Military spokesman Ali Reza Tangsiri said the new “Ya Mahdi” attack boat – named after the Shiite Muslim messiah who is expected to one day return and bring universal justice – was “less detectable by radar” because of its “high speed.”

“The Strait of Hormuz belongs to the region and foreigners must not intervene in it. We want to keep it safe and secure,” Mr. Tangsiri said according to the ISNA news agency, as translated by Agence France-Presse.

The correspondent for state-run broadcaster IRINN wore a desert camouflage uniform to deliver his morning report from the site of the exercise. In one scene, a microphone was held out to capture the sound of exploding bombs, as the boat apparently full of Iranian journalists sped alongside the advancing armada.
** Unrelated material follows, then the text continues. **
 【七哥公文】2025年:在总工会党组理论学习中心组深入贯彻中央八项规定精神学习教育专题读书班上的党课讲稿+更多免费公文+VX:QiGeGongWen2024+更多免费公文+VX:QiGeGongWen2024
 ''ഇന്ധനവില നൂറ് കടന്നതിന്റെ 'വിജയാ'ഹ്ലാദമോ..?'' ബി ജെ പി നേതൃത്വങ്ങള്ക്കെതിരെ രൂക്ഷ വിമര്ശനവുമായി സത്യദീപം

Iran has for years described an asymmetric military strategy to deal with enemy warship with superior firepower but less agility than the smaller Iranian craft. US commanders have similarly warned of the dangers of effective “swarming” by Iranian military forces in the Persian Gulf.

(Video of a 2008 incident between US Navy and Iranian speedboats)
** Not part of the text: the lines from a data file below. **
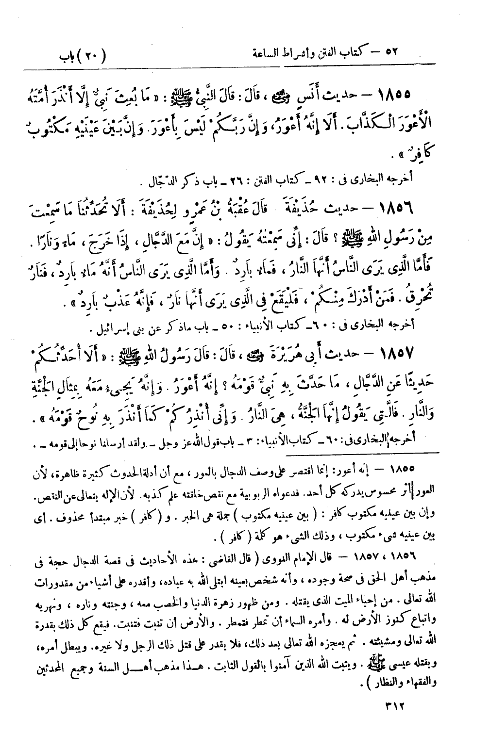 1855 - حديث أَنَسٍ رضي الله عنه، قَالَ: قَالَ النَّبِيُّ صَلَّى اللَّهُ عَلَيْهِ وَسَلَّمَ: مَا بُعِثَ نَبِيٌّ إِلاَّ أَنْذَرَ أُمَّتَهُ الأَعْوَرَ الْكَذَّابَ أَلاَ إِنَّهُ أَعْوَرُ، وَإِنَّ رَبَّكُمْ لَيْسَ بِأَعْوَرَ وَإِنَّ بَيْنَ عَيْنَيْهِ مَكْتُوبٌ كَافِرٌ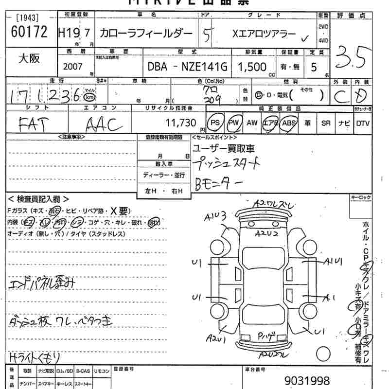 TOYOTA COROLLA FIELDER - лот 60172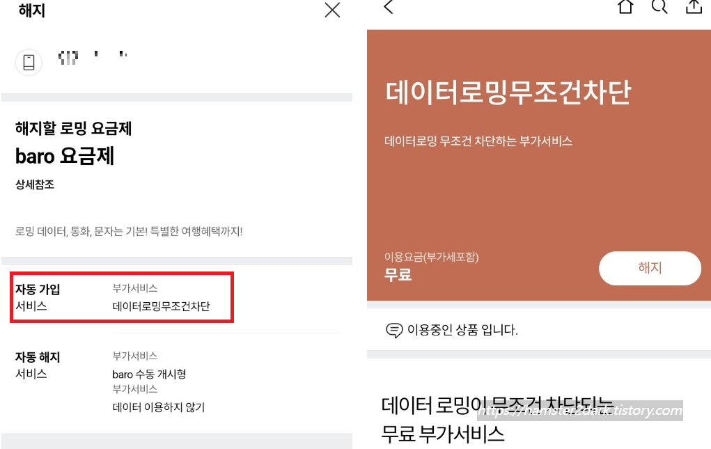 해지 시 자동으로 데이터 로밍 무조건 차단에 가입된다. 이 상태에서 가족 로밍 요금제 동의하면 가족회선으로 들어갈 수 있다.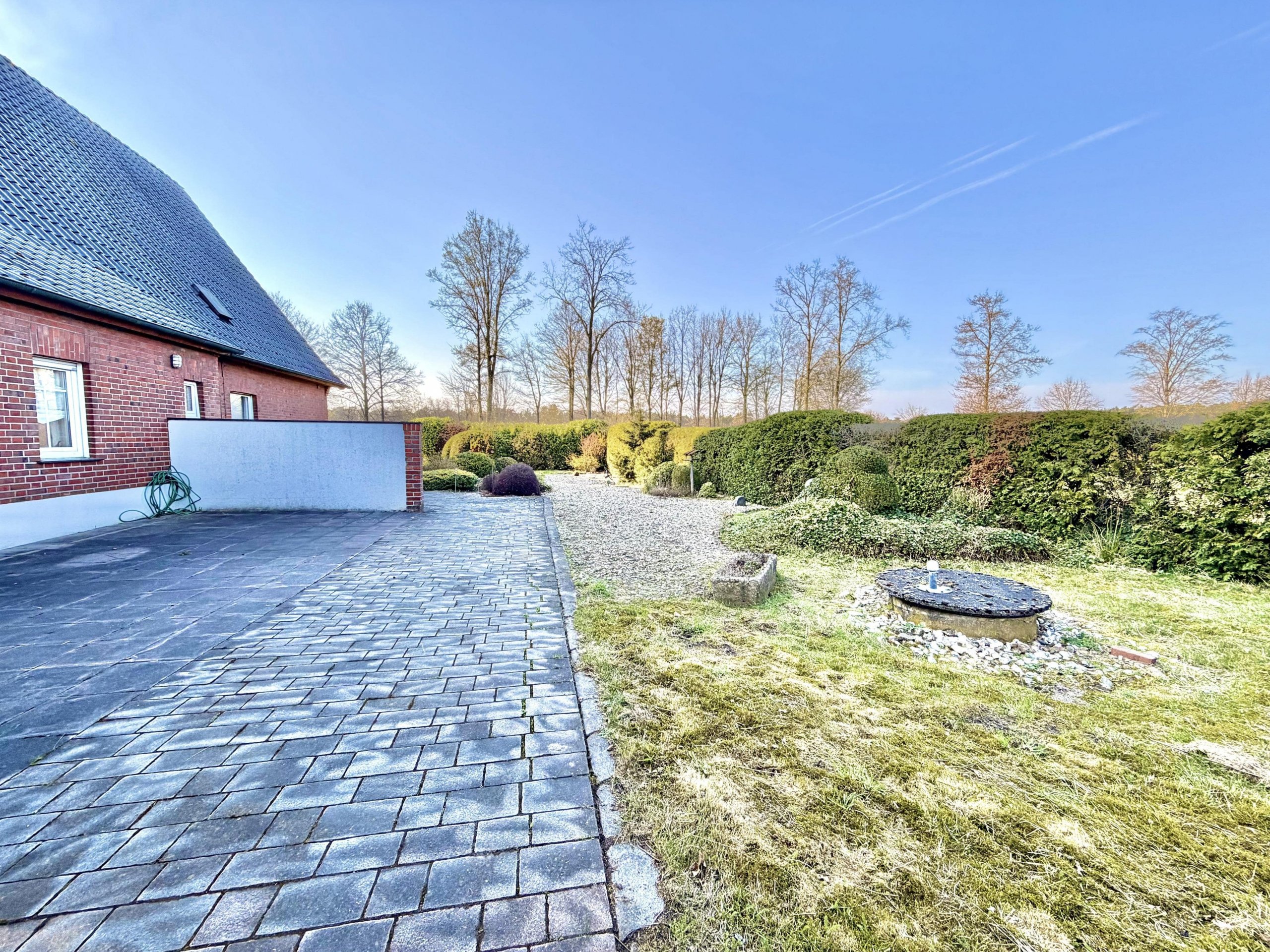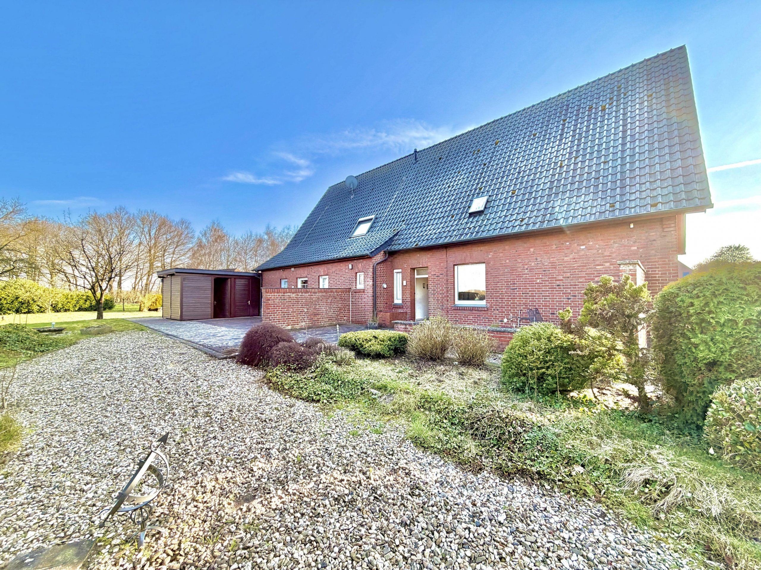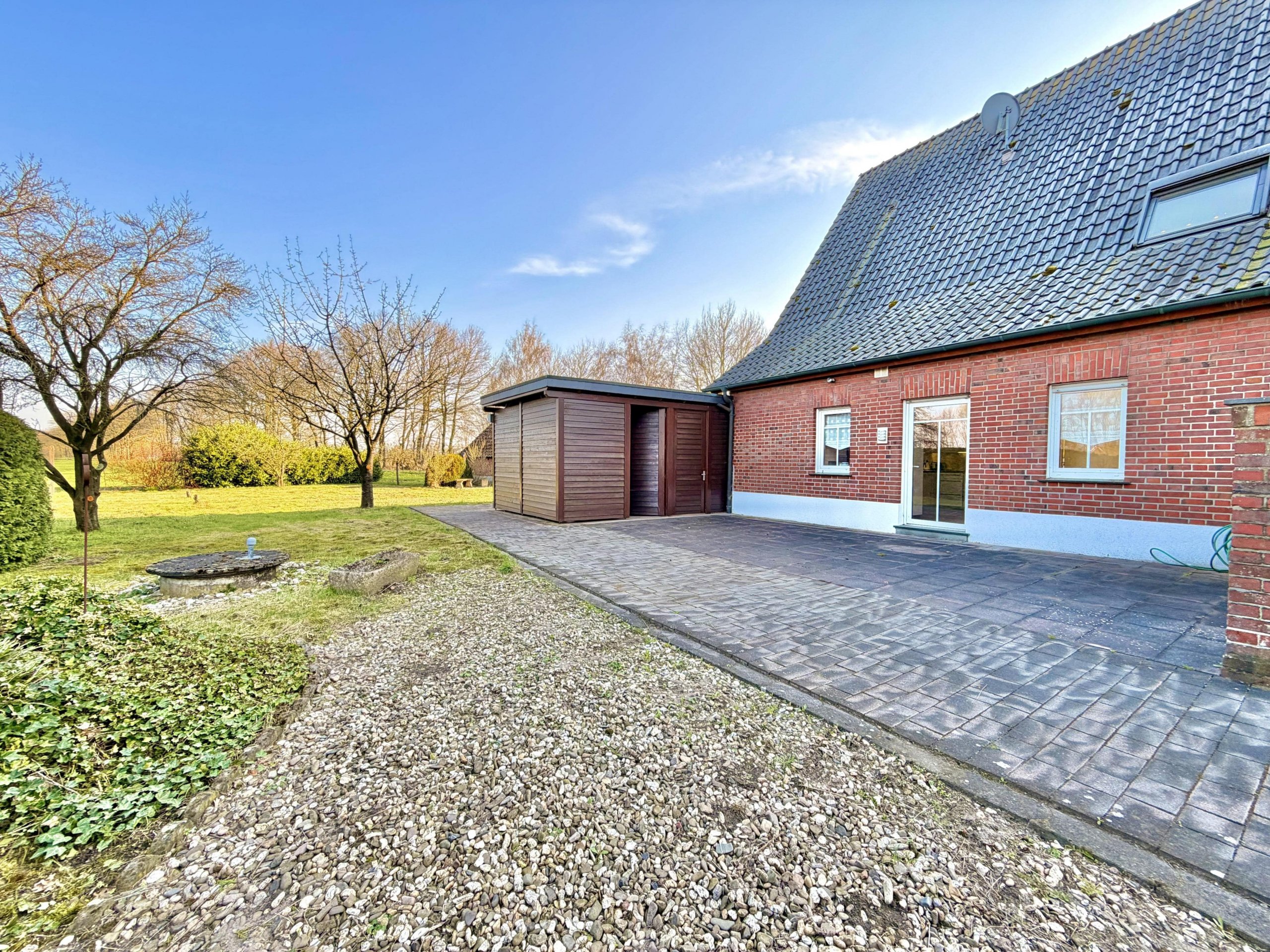 Die rechte Haushälfte mit ca. 111 m² wurde im Jahr 2003 umgebaut. Der Zugang erfolgt komfortabel neben dem Carport mit angrenzendem Geräteschuppen. Von der Diele aus gelangt man in den offen gestalteten Wohn- und Essbereich mit angeschlossener Küche sowie mit einem Zugang zur Terrasse. Zusätzlich steht ein separater Hauswirtschaftsraum mit Waschmaschinenanschluss und ein Gäste-WC zur Verfügung.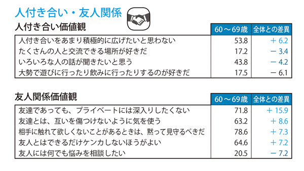 これによると、人間関係の構築においては「人付き合いをあまり積極的に広げたいとは思わない」といった考えを持つ人が多いことがわかりました。また現在の友人関係については、「友達であっても、プライベートには深入りしたくない」「相手に触れて欲しくないことがあるときは、黙って見守るべきだ」というように、自分の本音を包み隠さず話し、何でも悩みを相談したいというよりは、お互いのデリケートな部分には触れず、傷つけないように気を遣って接するのが望ましいと考えているようです。インターネット上でも、新たに人間関係を広げるよりも今つながっている人たちとの関係を大切にしたいという価値観が強くなっています。

Iran has in the past declared that it could shut the narrow Strait of Hormuz at the eastern bottleneck of the Persian Gulf, through which 40 percent of the global oil supply flows.

Pentagon underwhelmed

The Pentagon played down the significance of the war games, noting that Iran frequently conducts military exercises accompanied by verbal fireworks.
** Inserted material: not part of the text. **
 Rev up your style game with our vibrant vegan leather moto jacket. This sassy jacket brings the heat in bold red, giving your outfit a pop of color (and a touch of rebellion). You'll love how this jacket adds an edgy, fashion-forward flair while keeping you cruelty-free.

“What’s always been interesting is how much what they do comports with what they says,” Pentagon spokesman Geoff Morrell said on Wednesday. “It’s more often the case with testing of weaponry than it is with exercises and drills, but often they profess and claim to have capabilities which are not demonstrated in reality based upon our review of intelligence after the fact.”

While Iranian officials may appear to be giving this year's war games extra stridency, aggressive rhetoric (and actual incidents) is nothing new to the Persian Gulf.

“The first shot against Iran would set the United States’ vital interests in the world on fire,” the cleric Shirazi warned in 2008, during the war game “Great Prophet III.” “Tel Aviv and the US fleet in the Persian Gulf would be the targets that would be set on fire in Iran’s crushing response.”

More than a decade earlier – long before Iran was surrounded by tens of thousands of the US troops in Iraq and Afghanistan, along with the US Fifth Fleet based in Bahrain – the commander of the Revolutionary Guard had a similar warning.

“Let me send a clear message to the Americans: the Persian Gulf is our region; they have to leave our region,” Maj. Gen. Mohsen Rezaei declared in 1997, echoing official statements today. “Iran will never start any war, but if Americans one day decide to attack us, then they would have committed suicide. We will turn the region into a slaughterhouse for them. There is no greater place than the Persian Gulf to destroy America’s might.”

In 1988, a state-of-the-art US Navy Aegis cruiser – immediately after chasing small Iranian Revolutionary Guard launches – mistakenly shot down a civilian Iran Air plane, killing all 290 on board. The US later paid compensation to the victims' families, but the US ship’s air-warfare chief was also awarded the Navy’s Commendation Medal for “heroic achievement.”